__YOUR OBJECTIVE__. Your copy should start at the line with "Гости на сцене." and end at the line with "S.22 | Boge" in the data below. Transcribe only those lines, exactly, pictures excluded.

Content starts

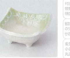
11530-416 800円 カコメヒワ吹角3.0小鉢(87×45mm) 11531-416 1,100円 カコメヒワ吹角4.0小鉢(110×45mm)
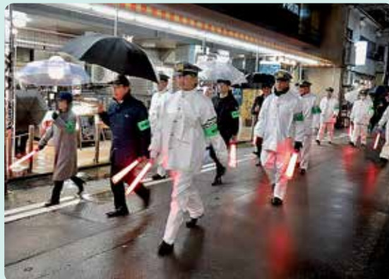
出発式と合同パトロールの様子
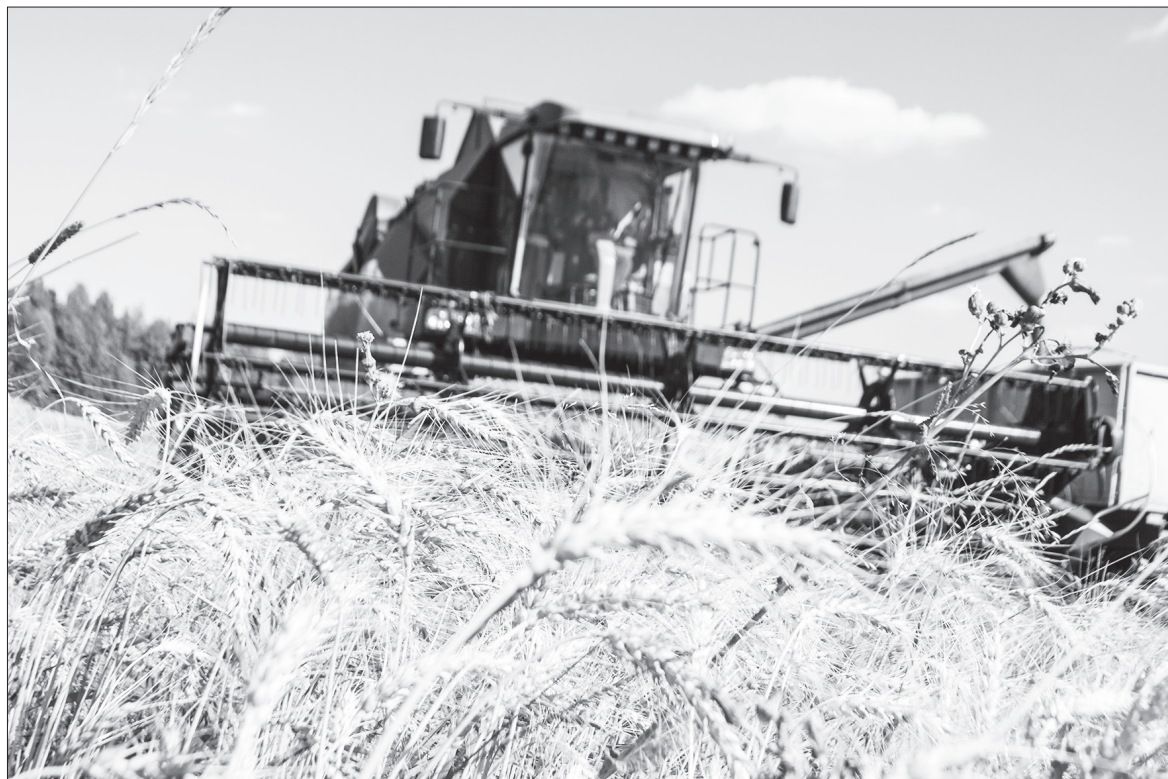
Жатва на полях ООО «Карьево» в августе. Посевные площади под зерновыми 1300 га.

Что собрали с полей ординские аграрии. И чем прирастают
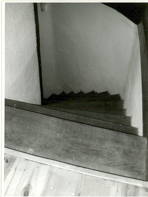
fragm. drewnianych schodów na poddasze
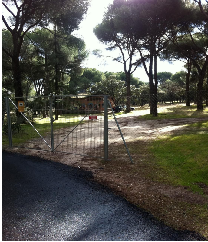
B.11.- Eliminación de 5 puertas privadas de chalets de la Urbanización Pinar del Plantío, que se han abierto con paso al recinto de Monte.
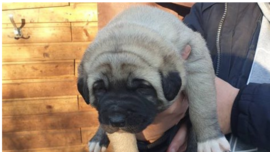
Das ist der männliche Welpen.

Zwei Hundewelpen sind von Montag, 18.00 Uhr, auf Dienstag, 11.00 Uhr, aus einem Schrebergarten an der Ernst-Schering-Straße in Bergkamen-Mitte gestohlen worden. Es handelt sich um zwei hellbraune Anatolische Hirtenhunde (Kangal). Beide Tiere – ein Männchen und ein Weibchen – waren noch nicht gechippt. Der Besitzer ist ein 31-jähriger Kamener.
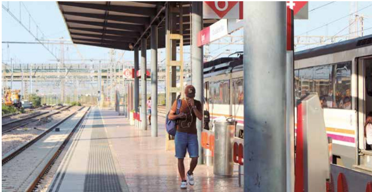
Estació de tren de Sagunt.
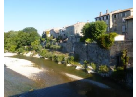
Paysage de marcheurs du sommet de la Drôme 1015 m et chemins vers les sommets
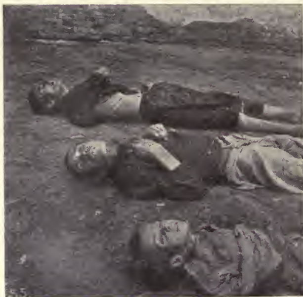
Muertos de hambre en una calle Digitized by Microsoft®
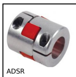
ADSR Accouplement sans jeu Gerwah®, de 12,5 à 525Nm
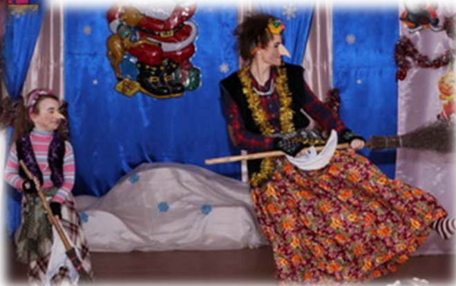
в номинации «Мы из сказочной страны»
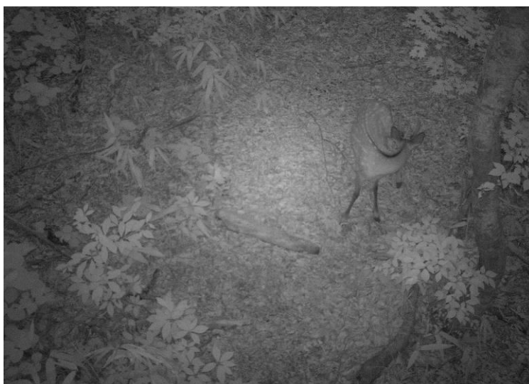
鱒ヶ沢町において撮影されたニホンジカ
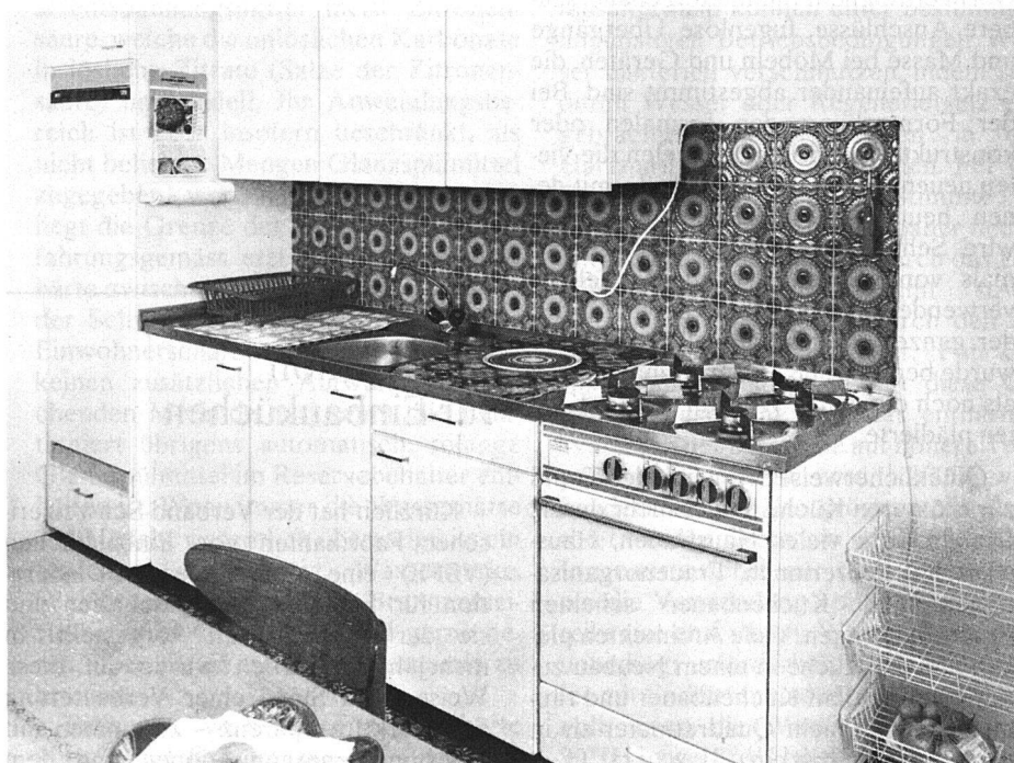
Modernisierte Gasküche in einer Altbau-Siedlung

festlegen. Dabei gingen die Konstrukteure von einer sehr logischen Form aus, von einem Quadrat. Die Gesamttiefe der Küchenmöbel wurde auf 60 cm festgelegt, ein Mass, das später in allen übrigen Ländern übernommen worden ist. Beim 60 cm tiefen Arbeitskorpus steht die Abdeckung vorne um 2 cm über die Vorderfront der darunter liegenden Schränke. Die Türen dieser Schrankelemente mes-
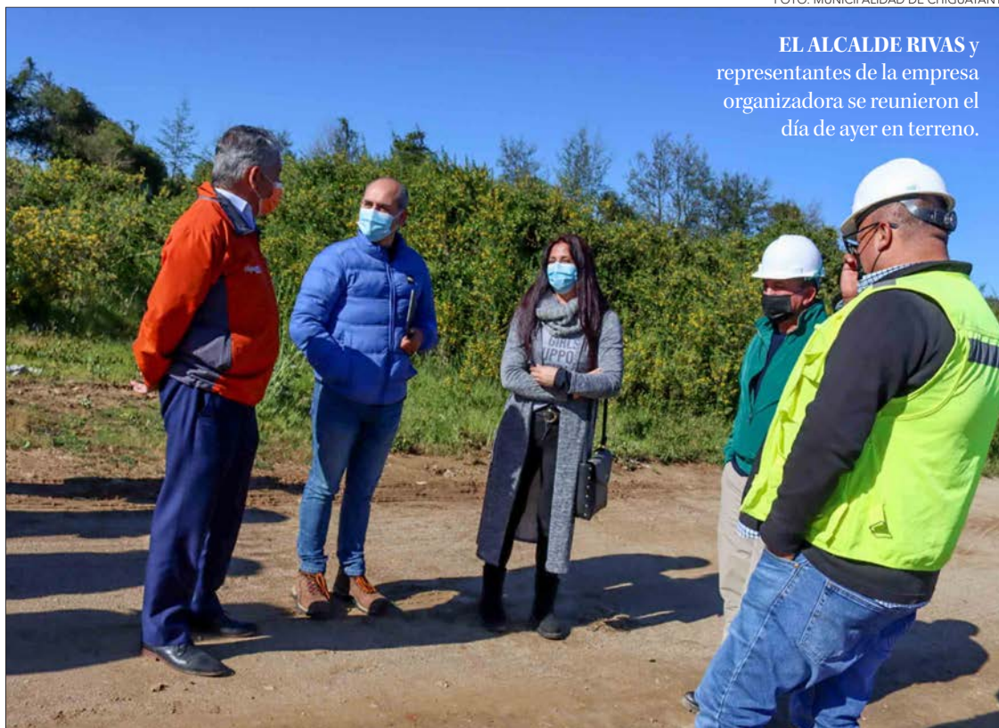
EL ALCALDE RIVAS y representantes de la empresa organizadora se reunieron el día de ayer en terreno.
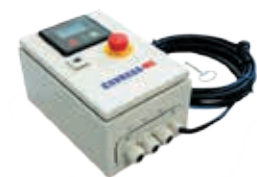
Notstromautomatik / AMF
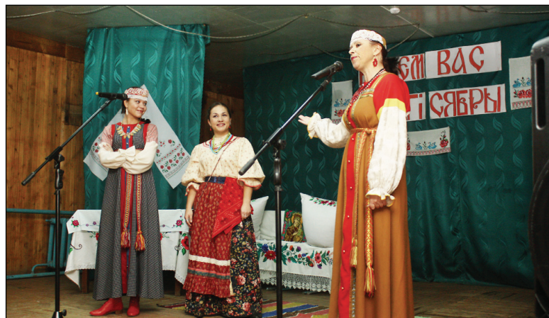
• Гости на сцене.
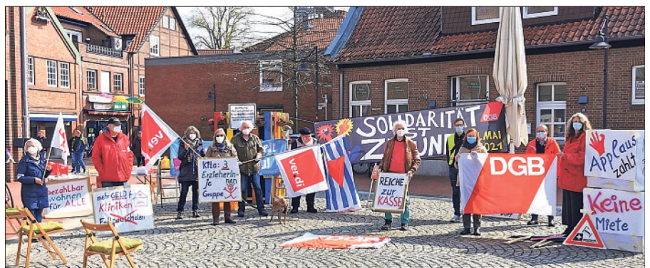
Die Organisatorinnen und Organisatoren des DGB bei der Veranstaltung zum 1. Mai in Soltauer Hagen.

Im Anschluss an die Beiträge der Hauptredner gab Braun Interessierten noch die Möglichkeit, sich am „offenen Mikrofon“ zu äußern - eine Chance, die viele an diesem 1. Mai nutzten.
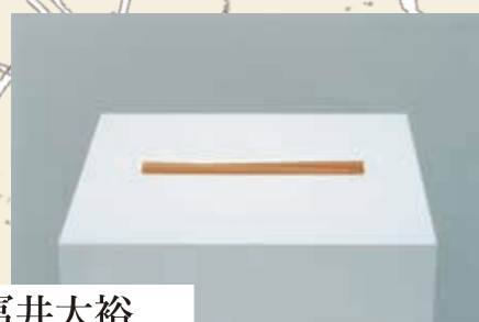
富井大裕 TOMII Motohiro
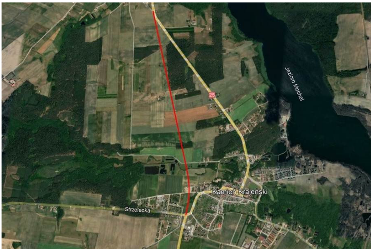
Ryc. 2 Planowany przebieg obwodnicy Kamienia Krajeńskiego
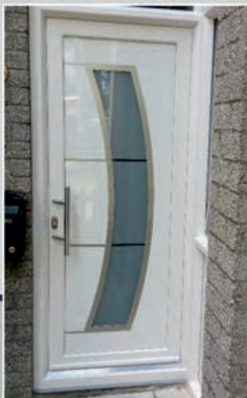
S.22 | Boge II • Matglas met heldere strepen • Applicaties en ornament in Alunox-RVS-look
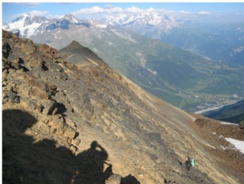
Рисунок 5 Перевальный взлет Гульба 2
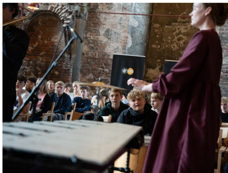
We Like We spillede koncert i Kirkesalen på Koldinghus – et smukt rum, som flere showcasegæster bemærkede som en stor oplevelse i sig selv.
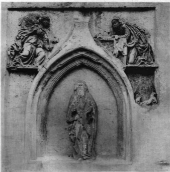
A BÉSZTERCEBÁNYAI PLÉBÁNIATEMPLOM CORPUS DOMINI KÁPOLNÁJÁNAK AJTÁJA S KERETÉBEN A HASONLÓLUL ELPUSZTULT SZENT ANDRÁS KÁPOLNA KÖSZÖBRA. 1471
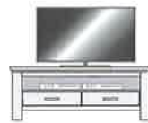
Art.-Nr. -11-G Lowboard, 1 Fach 2 SK
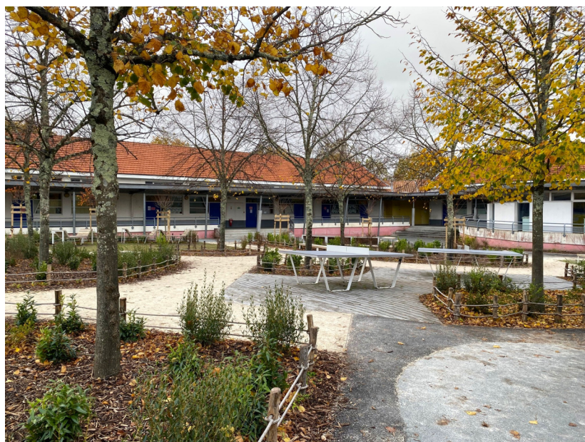
Vue d'ensemble de la cour - novembre 2023
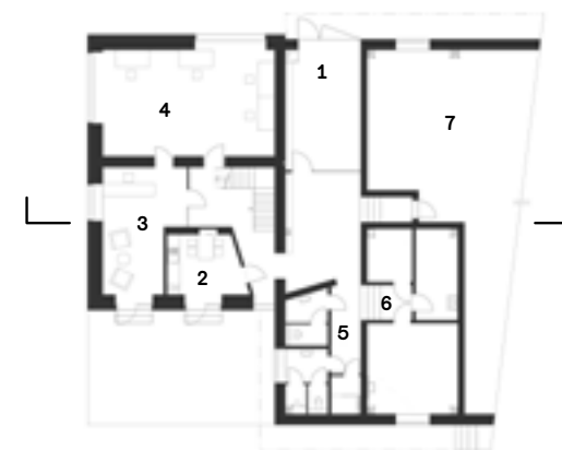
Púdorys 1. NP
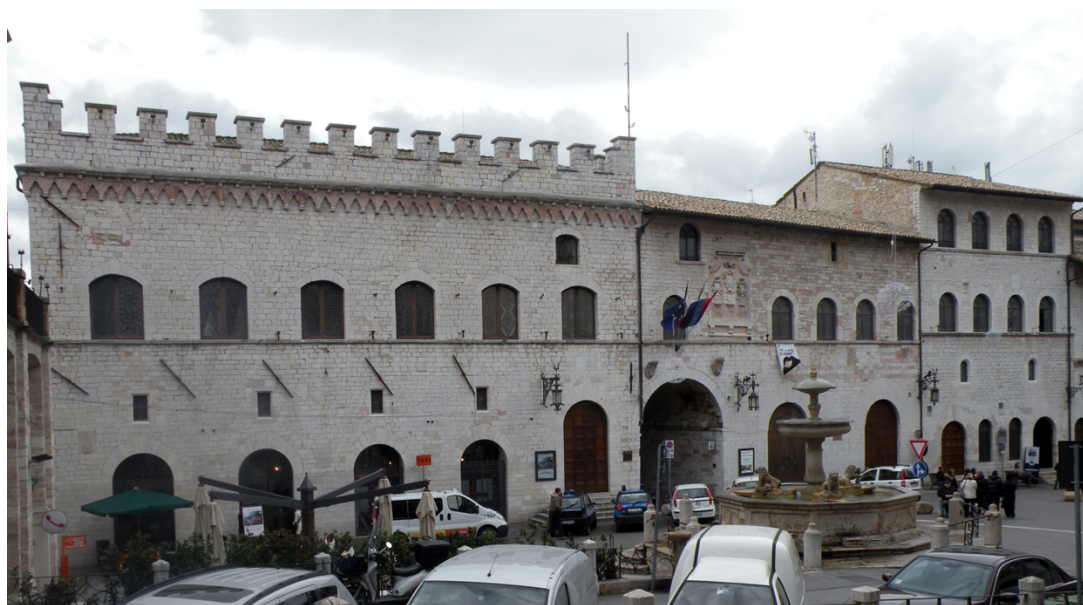
Fig. 2. Assisi, Palazzo dei Priori, corpo 1 e 2 (A 1 , A 2 ), prospetto su piazza del Comune (foto A. ottobre 2022).

Content ends

__EXERCISE ANSWER__.
• Гости на сцене.
Die Organisatorinnen und Organisatoren des DGB bei der Veranstaltung zum 1. Mai in Soltauer Hagen.

Im Anschluss an die Beiträge der Hauptredner gab Braun Interessierten noch die Möglichkeit, sich am „offenen Mikrofon“ zu äußern - eine Chance, die viele an diesem 1. Mai nutzten.
富井大裕 TOMII Motohiro
Ryc. 2 Planowany przebieg obwodnicy Kamienia Krajeńskiego
S.22 | Boge II • Matglas met heldere strepen • Applicaties en ornament in Alunox-RVS-look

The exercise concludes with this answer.